Но это было очень трудно: мало того что стебель кололся со всех сторон, даже
через платок, которым я завернул руку, – он был так страшно крепок, что я
бился с ним минут пять, по одному разрывая волокна. Когда я, наконец, оторвал
цветок, стебель уже был весь в лохмотьях, да и цветок уже не казался так свеж и
красив. Кроме того, он по своей грубости и аляповатости не подходил к нежным
цветам букета. Я пожалел, что напрасно погубил цветок, который был хорош в
своем месте, и бросил его, «Какая, однако, энергия и сила жизни, – подумал
я, вспоминая те усилия, с которыми я отрывал цветок. – Как он усиленно защищал
и дорого продал свою жизнь».
Дорога к
дому шла паровым, только что вспаханным черноземным полем. Я шел наизволок по
пыльной черноземной дороге. Вспаханное поле было помещичье, очень большое, так
что с обеих сторон дороги и вперед в гору ничего не было видно, кроме черного,
ровно взборожденного, еще не скороженного пара. Пахота была хорошая, и нигде по
полю не виднелось ни одного растения, ни одной травки, – все было черно.

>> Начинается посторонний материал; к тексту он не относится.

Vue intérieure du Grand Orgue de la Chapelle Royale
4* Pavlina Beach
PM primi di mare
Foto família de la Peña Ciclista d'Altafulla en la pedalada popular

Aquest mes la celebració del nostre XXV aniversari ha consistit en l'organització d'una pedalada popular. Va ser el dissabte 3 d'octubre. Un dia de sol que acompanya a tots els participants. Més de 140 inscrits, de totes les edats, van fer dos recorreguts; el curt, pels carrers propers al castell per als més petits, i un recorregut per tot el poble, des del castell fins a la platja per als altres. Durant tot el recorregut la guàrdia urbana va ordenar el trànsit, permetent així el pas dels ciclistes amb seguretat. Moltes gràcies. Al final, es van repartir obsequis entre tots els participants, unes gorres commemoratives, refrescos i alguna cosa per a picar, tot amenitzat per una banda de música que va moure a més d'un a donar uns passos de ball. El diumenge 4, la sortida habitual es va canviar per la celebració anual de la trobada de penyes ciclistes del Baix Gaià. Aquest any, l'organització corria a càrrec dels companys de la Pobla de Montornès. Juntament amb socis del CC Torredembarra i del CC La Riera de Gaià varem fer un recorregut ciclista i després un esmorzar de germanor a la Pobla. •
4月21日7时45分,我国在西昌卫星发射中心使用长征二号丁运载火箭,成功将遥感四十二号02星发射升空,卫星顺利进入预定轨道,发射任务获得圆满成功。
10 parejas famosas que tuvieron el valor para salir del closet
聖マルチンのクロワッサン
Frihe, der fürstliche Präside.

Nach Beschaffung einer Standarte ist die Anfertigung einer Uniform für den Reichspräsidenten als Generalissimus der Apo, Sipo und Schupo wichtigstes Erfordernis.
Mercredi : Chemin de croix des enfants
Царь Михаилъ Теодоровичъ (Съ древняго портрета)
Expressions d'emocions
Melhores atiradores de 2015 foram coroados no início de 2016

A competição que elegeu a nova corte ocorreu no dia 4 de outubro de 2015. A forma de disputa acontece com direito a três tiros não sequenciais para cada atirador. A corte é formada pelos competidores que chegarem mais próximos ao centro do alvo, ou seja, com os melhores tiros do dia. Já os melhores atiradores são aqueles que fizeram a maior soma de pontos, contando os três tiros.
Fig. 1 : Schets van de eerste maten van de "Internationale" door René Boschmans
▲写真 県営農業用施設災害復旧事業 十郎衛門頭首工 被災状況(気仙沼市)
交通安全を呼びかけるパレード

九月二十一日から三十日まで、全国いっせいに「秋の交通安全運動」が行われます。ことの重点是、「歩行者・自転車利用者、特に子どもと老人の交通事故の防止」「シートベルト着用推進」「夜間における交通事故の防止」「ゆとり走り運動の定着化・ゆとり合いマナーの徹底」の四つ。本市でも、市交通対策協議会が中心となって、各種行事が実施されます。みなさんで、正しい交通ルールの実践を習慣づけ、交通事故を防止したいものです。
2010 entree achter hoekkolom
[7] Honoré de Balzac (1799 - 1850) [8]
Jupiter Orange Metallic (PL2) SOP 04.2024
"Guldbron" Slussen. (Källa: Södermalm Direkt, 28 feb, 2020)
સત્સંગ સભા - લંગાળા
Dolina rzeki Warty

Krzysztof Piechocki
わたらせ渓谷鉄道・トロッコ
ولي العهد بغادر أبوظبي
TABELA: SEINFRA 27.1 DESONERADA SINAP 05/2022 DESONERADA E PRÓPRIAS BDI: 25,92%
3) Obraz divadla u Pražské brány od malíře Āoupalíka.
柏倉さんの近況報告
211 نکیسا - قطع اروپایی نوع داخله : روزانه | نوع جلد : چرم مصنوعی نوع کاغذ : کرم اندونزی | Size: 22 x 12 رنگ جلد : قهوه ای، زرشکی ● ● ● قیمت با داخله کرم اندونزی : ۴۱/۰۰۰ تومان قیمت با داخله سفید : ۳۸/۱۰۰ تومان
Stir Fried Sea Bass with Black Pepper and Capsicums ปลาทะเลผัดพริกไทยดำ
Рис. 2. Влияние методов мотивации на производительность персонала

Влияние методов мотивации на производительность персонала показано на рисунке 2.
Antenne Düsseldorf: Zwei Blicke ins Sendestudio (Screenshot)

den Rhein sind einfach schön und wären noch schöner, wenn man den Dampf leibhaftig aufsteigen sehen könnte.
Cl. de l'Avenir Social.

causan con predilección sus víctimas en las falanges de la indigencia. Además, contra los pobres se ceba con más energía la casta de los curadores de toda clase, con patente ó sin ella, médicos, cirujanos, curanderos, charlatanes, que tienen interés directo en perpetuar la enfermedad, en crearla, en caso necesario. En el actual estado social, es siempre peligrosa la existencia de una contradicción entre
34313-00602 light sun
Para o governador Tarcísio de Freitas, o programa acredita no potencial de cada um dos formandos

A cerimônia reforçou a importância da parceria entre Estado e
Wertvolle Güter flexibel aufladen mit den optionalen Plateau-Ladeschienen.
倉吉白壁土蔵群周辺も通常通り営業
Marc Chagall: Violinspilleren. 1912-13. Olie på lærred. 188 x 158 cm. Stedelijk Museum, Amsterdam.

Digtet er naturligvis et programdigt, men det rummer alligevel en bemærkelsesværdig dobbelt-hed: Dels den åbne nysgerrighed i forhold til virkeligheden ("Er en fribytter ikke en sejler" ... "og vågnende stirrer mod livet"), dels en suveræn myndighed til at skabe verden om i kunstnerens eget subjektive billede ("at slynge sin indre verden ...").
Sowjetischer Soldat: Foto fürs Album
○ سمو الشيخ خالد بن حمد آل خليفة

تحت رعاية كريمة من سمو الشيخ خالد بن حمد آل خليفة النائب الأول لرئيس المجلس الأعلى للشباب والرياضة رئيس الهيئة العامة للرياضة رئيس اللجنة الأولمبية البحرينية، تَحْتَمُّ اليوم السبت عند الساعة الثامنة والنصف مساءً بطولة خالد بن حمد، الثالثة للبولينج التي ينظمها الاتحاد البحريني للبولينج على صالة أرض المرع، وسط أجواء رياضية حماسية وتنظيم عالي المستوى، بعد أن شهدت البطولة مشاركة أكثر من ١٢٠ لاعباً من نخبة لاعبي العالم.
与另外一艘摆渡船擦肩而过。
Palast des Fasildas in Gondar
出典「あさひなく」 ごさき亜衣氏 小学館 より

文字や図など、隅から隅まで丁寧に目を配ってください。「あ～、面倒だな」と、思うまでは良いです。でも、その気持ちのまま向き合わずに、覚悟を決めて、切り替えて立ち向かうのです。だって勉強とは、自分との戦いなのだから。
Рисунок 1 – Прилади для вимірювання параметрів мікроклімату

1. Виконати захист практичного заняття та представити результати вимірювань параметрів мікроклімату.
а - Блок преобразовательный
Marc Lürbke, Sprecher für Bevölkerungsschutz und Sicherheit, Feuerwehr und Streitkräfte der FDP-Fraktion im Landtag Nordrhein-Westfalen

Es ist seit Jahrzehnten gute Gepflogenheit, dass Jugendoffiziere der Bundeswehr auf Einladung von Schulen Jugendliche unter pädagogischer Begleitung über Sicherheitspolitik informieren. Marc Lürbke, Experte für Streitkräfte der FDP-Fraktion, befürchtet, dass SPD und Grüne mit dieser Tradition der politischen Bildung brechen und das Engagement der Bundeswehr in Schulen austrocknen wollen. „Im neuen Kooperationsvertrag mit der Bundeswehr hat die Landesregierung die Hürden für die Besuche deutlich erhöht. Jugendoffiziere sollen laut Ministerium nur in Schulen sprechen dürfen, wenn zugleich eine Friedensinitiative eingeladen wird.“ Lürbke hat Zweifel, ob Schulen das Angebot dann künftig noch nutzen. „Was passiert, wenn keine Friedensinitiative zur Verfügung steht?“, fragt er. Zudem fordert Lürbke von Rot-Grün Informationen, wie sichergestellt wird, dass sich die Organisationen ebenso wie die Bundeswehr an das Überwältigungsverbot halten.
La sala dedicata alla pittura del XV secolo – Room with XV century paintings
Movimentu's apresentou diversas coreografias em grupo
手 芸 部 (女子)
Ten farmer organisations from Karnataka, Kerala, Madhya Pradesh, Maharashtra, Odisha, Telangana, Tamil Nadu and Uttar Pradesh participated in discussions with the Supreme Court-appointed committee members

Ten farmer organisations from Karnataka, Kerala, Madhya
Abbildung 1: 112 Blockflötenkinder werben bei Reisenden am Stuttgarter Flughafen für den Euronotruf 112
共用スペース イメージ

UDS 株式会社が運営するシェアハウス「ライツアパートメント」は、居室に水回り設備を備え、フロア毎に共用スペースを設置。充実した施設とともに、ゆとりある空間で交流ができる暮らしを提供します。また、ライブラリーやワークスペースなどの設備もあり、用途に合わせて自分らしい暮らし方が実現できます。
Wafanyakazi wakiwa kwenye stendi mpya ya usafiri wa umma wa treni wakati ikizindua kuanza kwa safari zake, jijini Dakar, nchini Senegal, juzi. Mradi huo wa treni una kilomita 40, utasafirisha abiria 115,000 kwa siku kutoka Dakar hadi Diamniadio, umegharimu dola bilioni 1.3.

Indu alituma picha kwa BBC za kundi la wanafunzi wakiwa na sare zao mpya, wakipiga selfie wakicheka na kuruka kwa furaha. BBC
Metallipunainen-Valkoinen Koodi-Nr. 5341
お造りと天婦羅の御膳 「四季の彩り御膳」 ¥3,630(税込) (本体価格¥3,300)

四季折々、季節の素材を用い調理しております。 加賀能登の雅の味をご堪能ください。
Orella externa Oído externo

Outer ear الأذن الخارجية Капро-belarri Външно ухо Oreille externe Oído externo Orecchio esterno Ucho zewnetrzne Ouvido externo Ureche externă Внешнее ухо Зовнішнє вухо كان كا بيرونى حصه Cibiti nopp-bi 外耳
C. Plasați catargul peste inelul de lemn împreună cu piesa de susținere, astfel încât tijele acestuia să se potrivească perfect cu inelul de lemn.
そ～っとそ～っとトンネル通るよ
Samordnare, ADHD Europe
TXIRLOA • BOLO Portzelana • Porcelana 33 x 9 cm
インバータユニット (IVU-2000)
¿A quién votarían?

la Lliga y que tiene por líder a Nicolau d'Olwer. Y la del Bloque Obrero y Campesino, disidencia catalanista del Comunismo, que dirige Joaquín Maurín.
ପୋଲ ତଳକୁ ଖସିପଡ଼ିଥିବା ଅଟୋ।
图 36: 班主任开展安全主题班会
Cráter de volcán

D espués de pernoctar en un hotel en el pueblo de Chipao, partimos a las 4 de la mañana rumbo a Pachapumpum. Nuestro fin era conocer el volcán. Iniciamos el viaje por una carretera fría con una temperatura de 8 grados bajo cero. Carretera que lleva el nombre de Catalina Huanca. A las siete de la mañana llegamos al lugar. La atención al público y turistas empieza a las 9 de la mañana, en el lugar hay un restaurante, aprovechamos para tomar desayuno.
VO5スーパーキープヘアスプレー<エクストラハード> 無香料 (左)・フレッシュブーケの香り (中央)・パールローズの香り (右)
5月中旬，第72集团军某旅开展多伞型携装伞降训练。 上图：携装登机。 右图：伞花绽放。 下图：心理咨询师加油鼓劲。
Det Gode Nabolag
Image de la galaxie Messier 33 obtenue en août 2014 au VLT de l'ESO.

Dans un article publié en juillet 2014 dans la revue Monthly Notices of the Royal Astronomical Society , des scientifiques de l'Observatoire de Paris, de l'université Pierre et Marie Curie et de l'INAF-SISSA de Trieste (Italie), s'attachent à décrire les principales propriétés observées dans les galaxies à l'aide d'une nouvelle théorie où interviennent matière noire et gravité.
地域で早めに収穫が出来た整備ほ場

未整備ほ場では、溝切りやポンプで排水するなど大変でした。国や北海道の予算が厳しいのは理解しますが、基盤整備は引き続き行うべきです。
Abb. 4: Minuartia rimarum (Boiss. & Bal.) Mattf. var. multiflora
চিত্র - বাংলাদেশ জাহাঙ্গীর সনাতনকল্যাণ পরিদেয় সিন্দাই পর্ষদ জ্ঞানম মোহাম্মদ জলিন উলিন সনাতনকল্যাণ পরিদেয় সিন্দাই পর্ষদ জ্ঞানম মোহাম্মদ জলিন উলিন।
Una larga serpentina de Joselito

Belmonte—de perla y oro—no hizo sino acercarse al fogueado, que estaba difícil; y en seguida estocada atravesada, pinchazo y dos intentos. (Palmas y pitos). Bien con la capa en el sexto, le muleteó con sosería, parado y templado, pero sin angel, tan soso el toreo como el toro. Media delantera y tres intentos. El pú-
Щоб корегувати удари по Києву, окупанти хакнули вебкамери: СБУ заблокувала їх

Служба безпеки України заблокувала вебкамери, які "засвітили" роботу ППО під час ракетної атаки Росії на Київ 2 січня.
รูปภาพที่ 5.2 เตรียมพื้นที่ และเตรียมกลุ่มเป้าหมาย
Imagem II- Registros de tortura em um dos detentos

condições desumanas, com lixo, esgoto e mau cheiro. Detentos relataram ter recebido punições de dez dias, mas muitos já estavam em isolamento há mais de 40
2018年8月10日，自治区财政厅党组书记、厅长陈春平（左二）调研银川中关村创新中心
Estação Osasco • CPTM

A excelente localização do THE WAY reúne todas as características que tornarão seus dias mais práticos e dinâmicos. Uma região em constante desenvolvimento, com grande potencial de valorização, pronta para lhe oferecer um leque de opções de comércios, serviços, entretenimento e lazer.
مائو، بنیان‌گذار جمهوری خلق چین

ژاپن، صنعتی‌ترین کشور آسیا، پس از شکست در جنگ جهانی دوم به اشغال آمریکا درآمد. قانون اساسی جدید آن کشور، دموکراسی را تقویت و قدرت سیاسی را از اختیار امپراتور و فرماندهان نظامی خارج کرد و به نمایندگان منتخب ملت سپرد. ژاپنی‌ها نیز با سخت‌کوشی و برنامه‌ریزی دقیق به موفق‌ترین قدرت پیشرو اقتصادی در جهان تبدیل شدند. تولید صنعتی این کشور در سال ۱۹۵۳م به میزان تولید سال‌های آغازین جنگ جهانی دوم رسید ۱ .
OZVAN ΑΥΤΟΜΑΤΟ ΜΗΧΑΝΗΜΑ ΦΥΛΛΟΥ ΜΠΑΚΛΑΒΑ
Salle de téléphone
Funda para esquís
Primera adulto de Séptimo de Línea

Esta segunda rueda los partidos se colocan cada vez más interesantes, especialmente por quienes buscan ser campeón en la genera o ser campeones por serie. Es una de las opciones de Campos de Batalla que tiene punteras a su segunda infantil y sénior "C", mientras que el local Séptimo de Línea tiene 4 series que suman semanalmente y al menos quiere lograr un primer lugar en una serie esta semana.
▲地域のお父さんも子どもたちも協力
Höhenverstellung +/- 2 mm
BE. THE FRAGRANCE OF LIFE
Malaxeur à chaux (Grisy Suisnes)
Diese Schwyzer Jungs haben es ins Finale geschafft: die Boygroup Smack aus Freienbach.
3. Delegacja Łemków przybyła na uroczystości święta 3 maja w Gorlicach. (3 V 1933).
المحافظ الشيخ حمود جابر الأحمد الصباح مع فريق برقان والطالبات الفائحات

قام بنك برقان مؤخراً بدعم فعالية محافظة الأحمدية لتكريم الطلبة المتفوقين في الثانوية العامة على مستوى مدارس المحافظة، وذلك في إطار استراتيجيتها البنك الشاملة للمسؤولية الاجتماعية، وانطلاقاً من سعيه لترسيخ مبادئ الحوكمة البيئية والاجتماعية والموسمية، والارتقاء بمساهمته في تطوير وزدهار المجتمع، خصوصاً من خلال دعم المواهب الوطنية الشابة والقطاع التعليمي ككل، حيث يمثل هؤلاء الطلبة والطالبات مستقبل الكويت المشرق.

«Экое разрушительное, жестокое существо человек, сколько уничтожил
разнообразных живых существ, растений для поддержания своей жизни», –
думал я, невольно отыскивая чего-нибудь живого среди этого мертвого черного
поля. Впереди меня, вправо от дороги, виднелся какой-то кустик. Когда я подошел
ближе, я узнал в кустике такого же «татарина», которого цветок я напрасно
сорвал и бросил.
Куст
«татарина» состоял из трех отростков. Один был оторван, и, как отрубленная
рука, торчал остаток ветки. На других двух было на каждом по цветку. Цветки эти
когда-то были красные, теперь же были черные. Один стебель был сломан, и
половина его, с грязным цветком на конце, висела книзу; другой, хотя и
вымазанный черноземной грязью, все еще торчал кверху. Видно было, что весь
кустик был переехан колесом и уже после поднялся и потому стоял боком, но
все-таки стоял. Точно вырвали у него кусок тела, вывернули внутренности,
оторвали руку, выкололи глаз. Но он все стоит и не сдается человеку,
уничтожившему всех его братии кругом его.
«Экая
энергия! – подумал я. – Все победил человек, миллионы трав уничтожил,
а этот все не сдается».
И мне
вспомнилась одна давнишняя кавказская история часть которой я видел, часть слышал
от очевидцев, а часть вообразил себе. История эта, так, как она сложилась в
моем воспоминании и воображении, вот какая.
Это было
в конце 1851-го года.
В
холодный ноябрьский вечер Хаджи-Мурат въезжал в курившийся душистым кизячным
дымом чеченский немирной аул Махкет.
Только
что затихло напряженное пение муэдзина, и в чистом горном воздухе, пропитанном
запахом кизячного дыма, отчетливо слышны были из-за мычания коров и блеяния
овец, разбиравшихся по тесно, как соты, слепленным друг с другом саклям аула,
гортанные звуки спорящих мужских голосов и женские и детские голоса снизу от
фонтана.
Хаджи-Мурат
этот был знаменитый своими подвигами наиб Шамиля, не выезжавший иначе, как с
своим значком в сопровождении десятков мюридов, джигитовавших вокруг него. Теперь,
закутанный в башлык и бурку, из-под которой торчала винтовка, он ехал с одним
мюридом, стараясь быть как можно меньше замеченным, осторожно вглядываясь
своими быстрыми черными глазами в лица попадавшихся ему по дороге жителей.
Въехав в
середину аула, Хаджи-Мурат поехал не по улице, ведшей к площади, а повернул
влево, в узенький проулочек. Подъехав ко второй в проулочке, врытой в полугоре
сакле, он остановился, оглядываясь. Под навесом перед саклей никого не было, на
крыше же за свежесмазанной глиняной трубой лежал человек, укрытый тулупом.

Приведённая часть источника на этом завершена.